START DATASET RECORDS

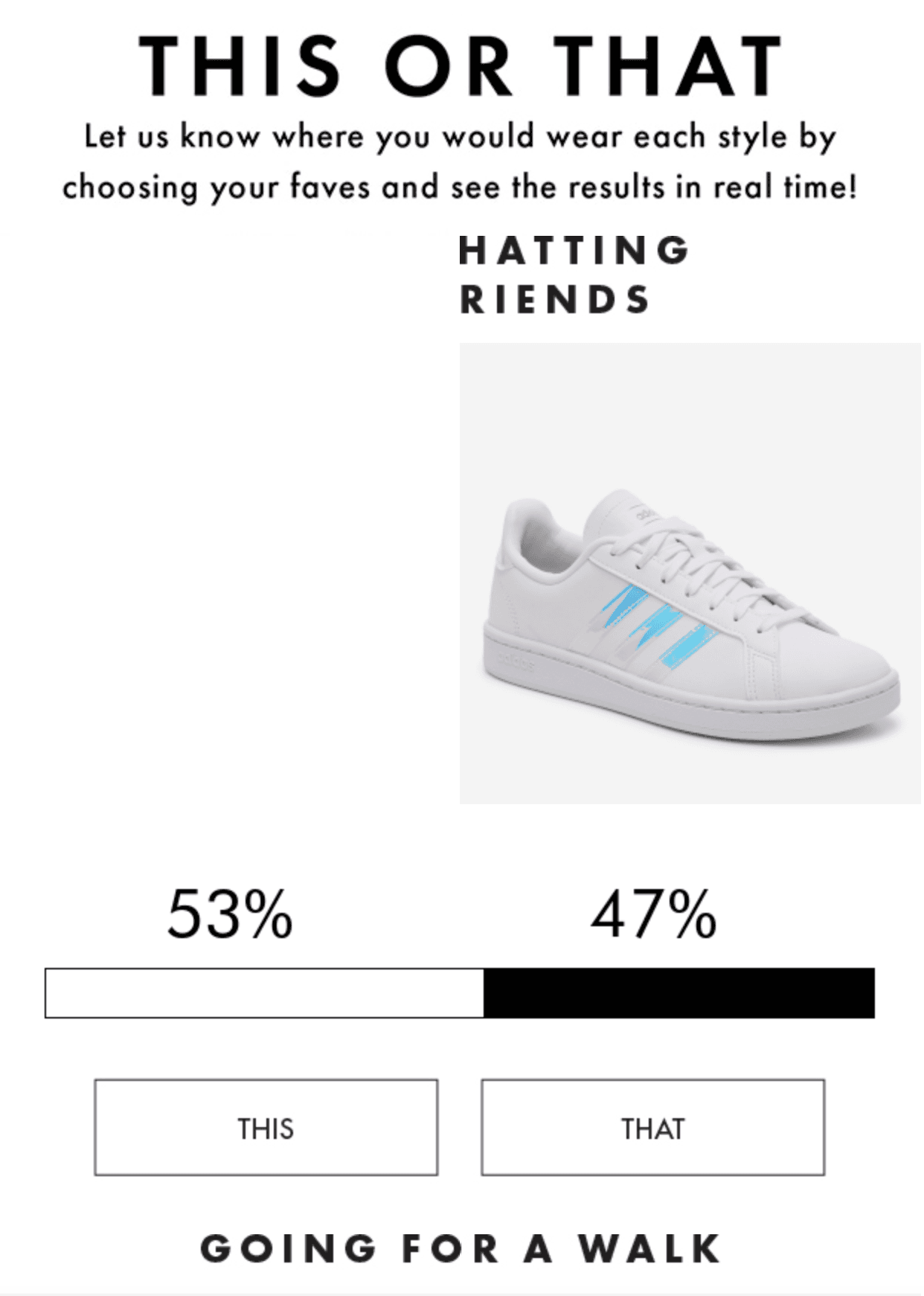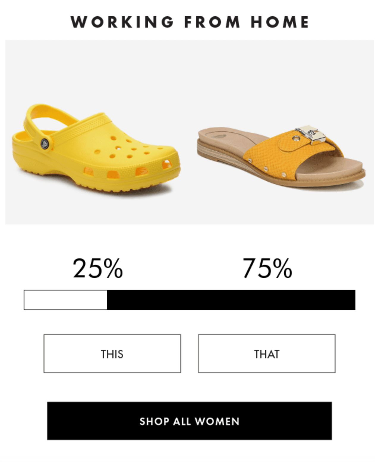 This highly engaging email design added an element of fun, as it asked subscribers to vote for the shoes they’d most like to wear for different COVID-19 “occasions”, like video chatting with friends, going for a walk or working from home. The interactive email featured a live poll, which displayed results in real time. The feedback from the poll could be used to personalize content in subsequent email campaigns by featuring the customer’s favorite shoes. Plus, to appeal to the many families who have been experiencing income challenges, it also offered savings on select styles.
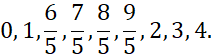 Pierwsze przecięcie wynika z wyżej wypisanego zbioru, natomiast później należy wybrać te ułamki, które stanowią liczby naturalne.
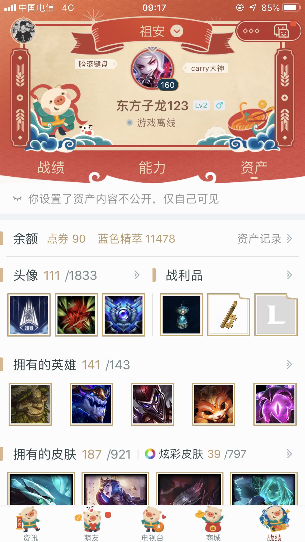 首页 > 租号大厅 > 英雄联盟 > 联盟一区/祖安 > 141英雄,187皮肤,龙猴,电玩琴女,吕布,御剑男刀等
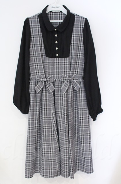 axes femme / チェックリボンドッキングワンピース クロ×グレー O-25-10-31-3028-AX-OP-IG-OS
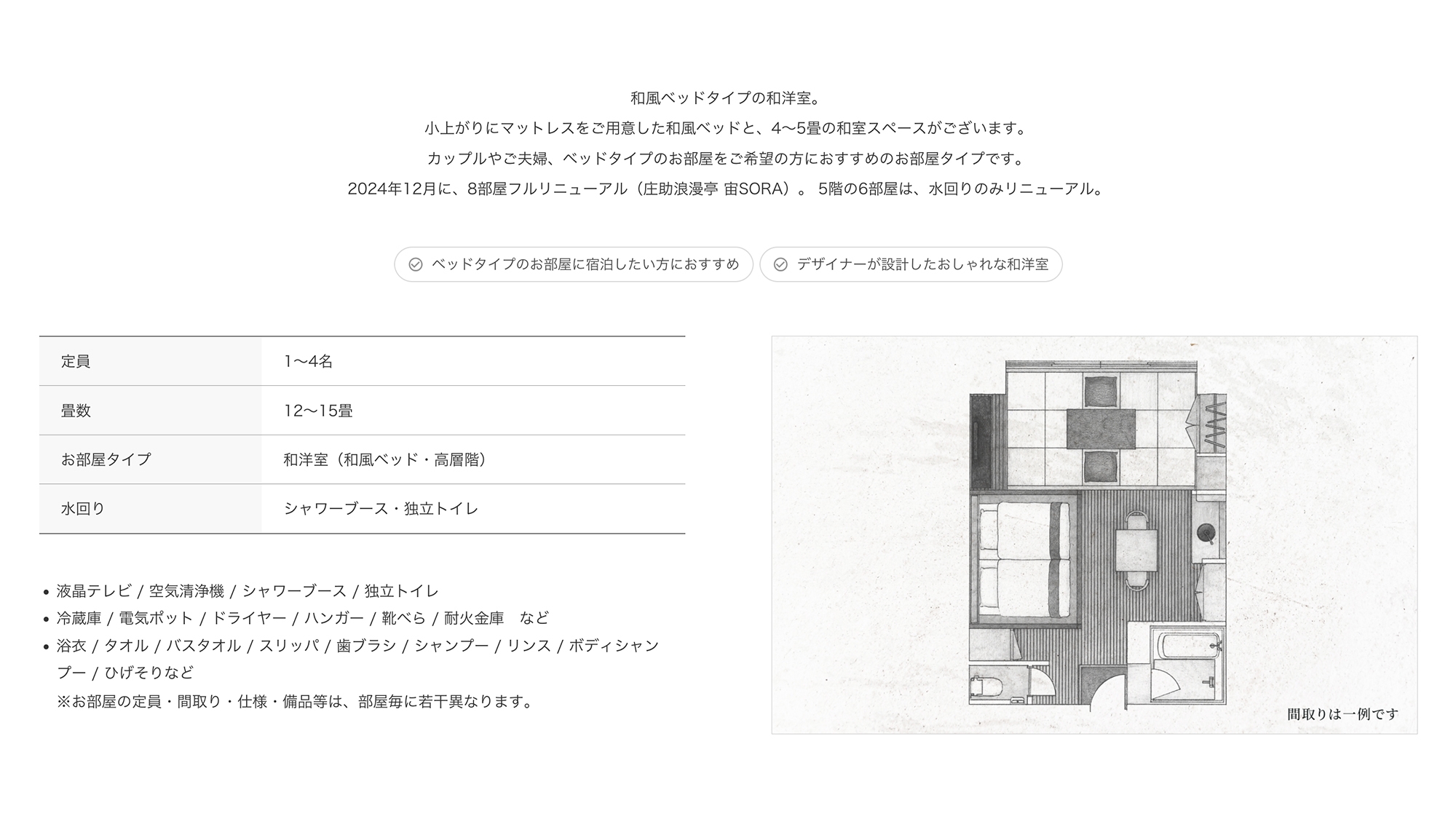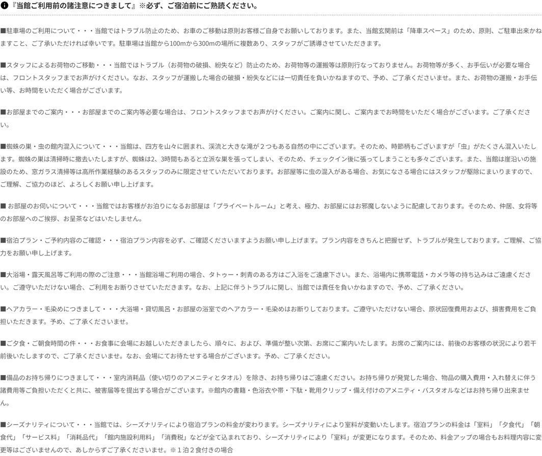 【各種同意事項・留意事項について】当館では、トラブル防止のため、各種同意事項・留意事項(公式サイトトップページに記載)にご同意いただいた上で、ご予約いただくことを推奨しております。
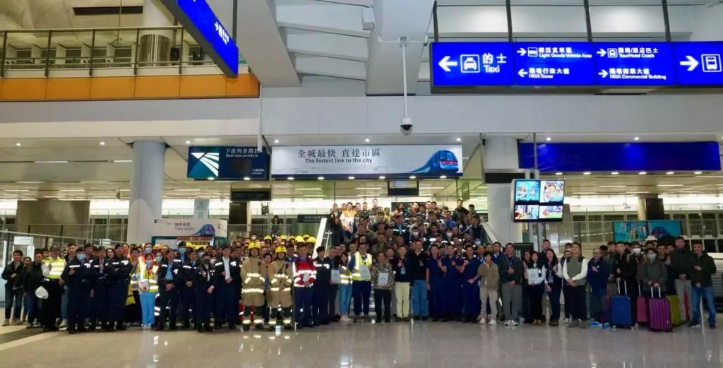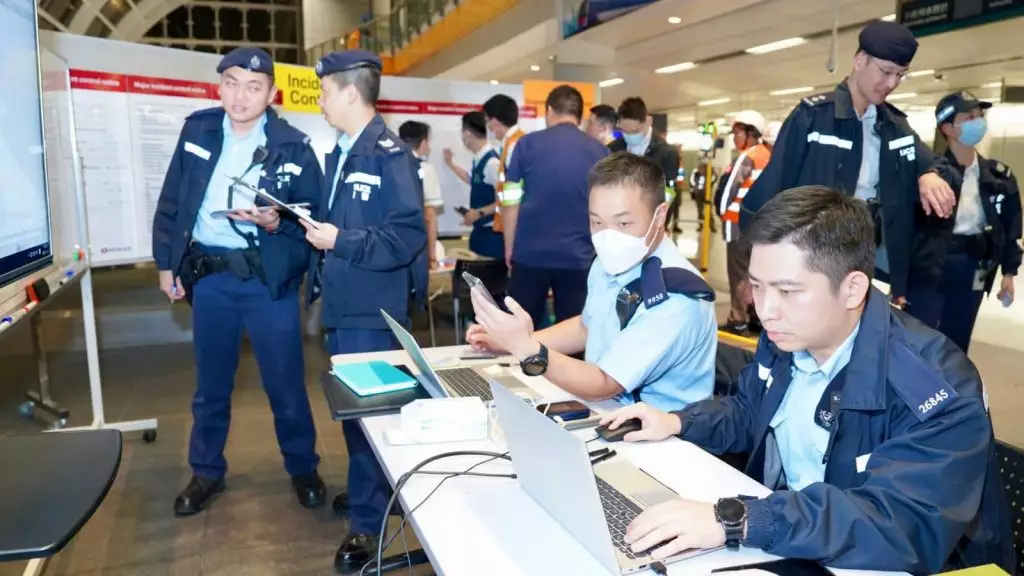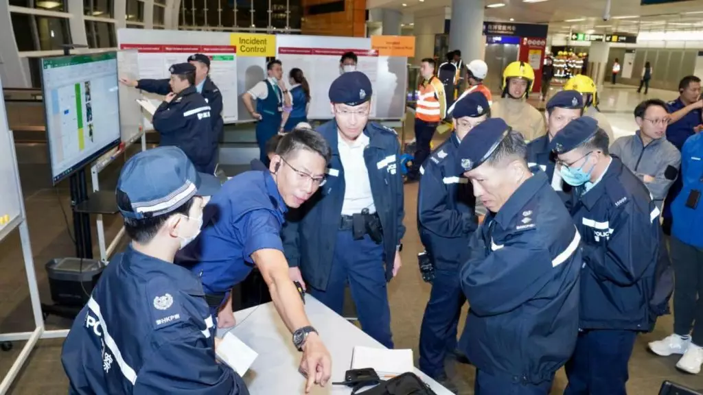 警方凌晨聯同消防處、機管局、醫管局、港鐵、民安隊及聖約翰救傷隊,進行跨部門重大事故演習,模擬一輛機場快綫列車受嚴重事故影響,導致大量傷者需要即時撤離及救援。
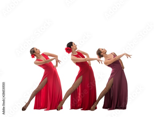 Latino dancers in sexy dresses view
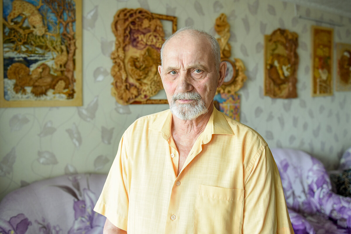 Он не профессиональный художник, но его квартира в обычной благовещенской многоэтажке — настоящая выставочная галерея. Ради любви и семьи талантливый студент худграфа отказался от учебы в Ленинграде, но не отказался от своего призвания — он всю жизнь создает прекрасное. «Самые сильные эмоции — когда ты видишь, что твоя работа кого-то по-настоящему поразила, удивила», — признается 75-летний пенсионер Виктор Дьячков. От карниза до иконы Еще с порога квартиры Дьячковых понимаешь, что здесь живет человек с творческой душой и золотыми руками. В прихожей — огромная икона Албазинской Божией Матери с собором и ангелом-хранителем, вырезанная из дерева, под ней — резной столик со шкатулкой. И даже часы, зеркало, арка со светильником и карнизы на окнах — из дерева. Мы встретились впервые, однако хозяин сразу переходит «на ты» и бесконечно шутит. В этом весь Виктор Петрович — обаятельный и открытый. — Вот смотри, какой тигр. Меня привлекает грация диких животных, — показывает на ювелирную резьбу
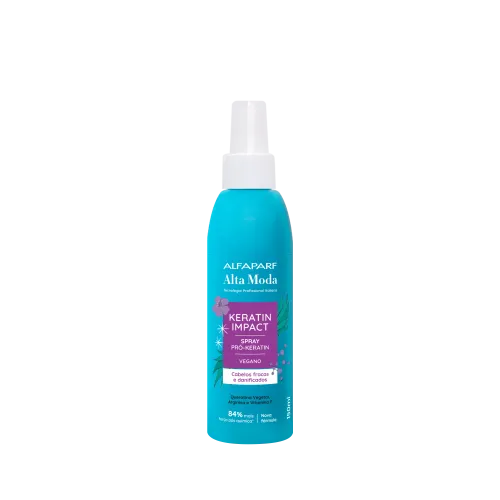 Keratin Impact possui um blend com alta concentração de ativos reparadores que resgatam gradativamente as camadas fragilizadas da fibra capilar. Ideal para uma reconstrução completa, o Spray Pró-Keratin refaz as estruturas internas, reduz a quebra, repõe a hidratação, além de neutralizar o frizz! Fórmula leve e de fácil absorção que proporciona condicionamento e alto desembaraço.
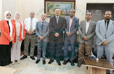 A Committee for Reaccreditation and Renewal of the Training Center at Egyptian Universities, affiliated with the Supreme Council of Universities, Visits the Aswan University Training and Information Technology Center the visit was hosted by Prof. Mohamed Abdelaziz Mehallal, Vice President of the University for Postgraduate Studies and Research, and Prof. Ashraf Imam Abdel-Radi, Executive Director of the Training Center at Aswan University. In attendance of Mr. Tamer Atef Hussein, Deputy Director of the Training Center at the university, and the staff of the Training Unit at Aswan University. The committee included Dr. Mohamed Hassan Jadallah, Director of the Central Training Unit at the Supreme Council of Universities, and his accompanying delegation.
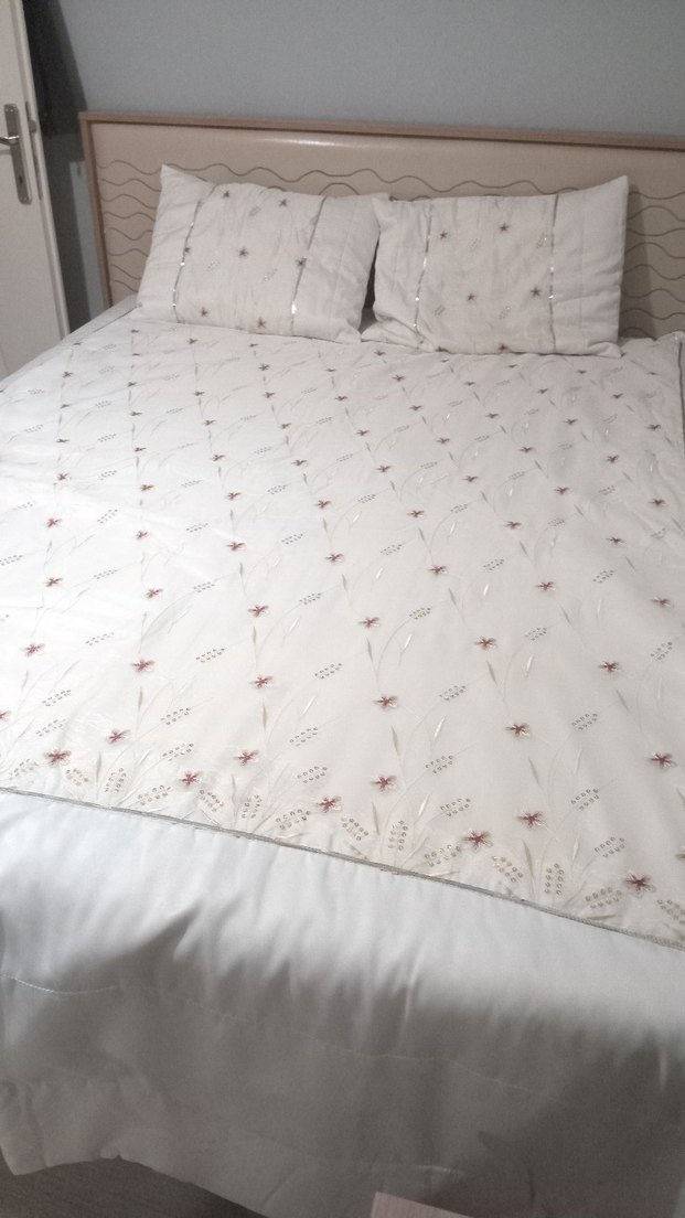 İnce işlemeli çiçek desenlerine sahip krem yatak örtüsü ve uyumlu yastık kılıfları. Yumuşak ve hafif kumaş rahatlık sağlar. ️Sadece görseldeki yerinde aşınma vardır
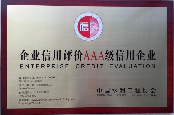 熱烈慶祝我司榮獲水利3A信用等級證書
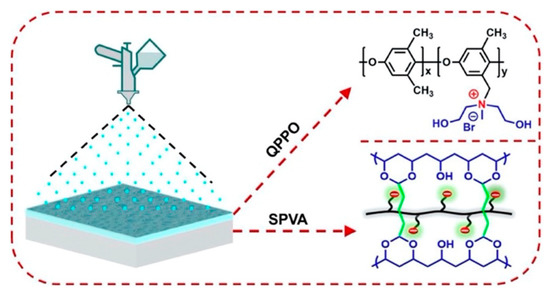 Surface modification of the sulfonated PPO-PVA membrane with the quaternized PPO solution. The figure is reprinted with permission from [101] (Copyright © 2019, Elsevier).

END DATASET RECORDS

_WHAT THIS TASK INVOLVES_
Only the lines from the one holding "İnce işlemeli çiçek" through the end of the data are to be printed, exactly as they stand and with no pictures.

_SOLVED EXERCISE_
 İnce işlemeli çiçek desenlerine sahip krem yatak örtüsü ve uyumlu yastık kılıfları. Yumuşak ve hafif kumaş rahatlık sağlar. ️Sadece görseldeki yerinde aşınma vardır
 熱烈慶祝我司榮獲水利3A信用等級證書
 Surface modification of the sulfonated PPO-PVA membrane with the quaternized PPO solution. The figure is reprinted with permission from [101] (Copyright © 2019, Elsevier).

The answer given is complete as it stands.